# Better Area for Rent an Apartment



## Bortolli (Dec 23, 2012)

Hello!

I'll be moving in to Dubai within the next month and I've been doing some reading about the best region for renting an apartment, regarding low traffic, security and accessing facilities. I heard that some areas are presenting more and more traffic rates. I've been thinking about Marina Community, although, I need more specific information.
Thanks in advance.

Regards,


----------



## saraswat (Apr 28, 2012)

http://www.expatforum.com/expats/du...4-ultimate-guide-renting-apartment-dubai.html


----------



## Bortolli (Dec 23, 2012)

Thanks!


----------



## Bostin (Jan 21, 2013)

Where will you be working might be a factor.

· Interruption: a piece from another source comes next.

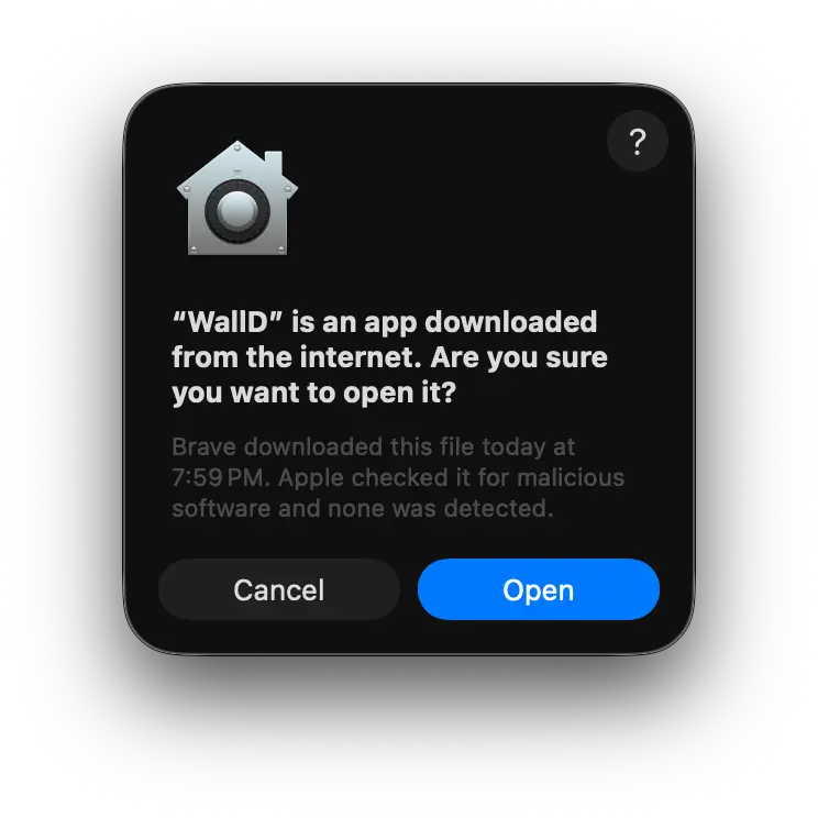 macOS will ask you to confirm opening an app downloaded from the internet. Click Open to proceed.

If you're going to be in the DIFC, DownTown is an option too.


----------



## JawadJKhan (Feb 9, 2015)

Moving has never been easier, should try JLT once.


----------



## Dubzter (Feb 22, 2015)

You could try Business Bay...


----------



## BedouGirl (Sep 15, 2011)

I would hope OP has found somewhere to live by now bearing in mind this post dates back to 2013


----------



## jagjeet (Oct 6, 2015)

I should try to this business.thnks


----------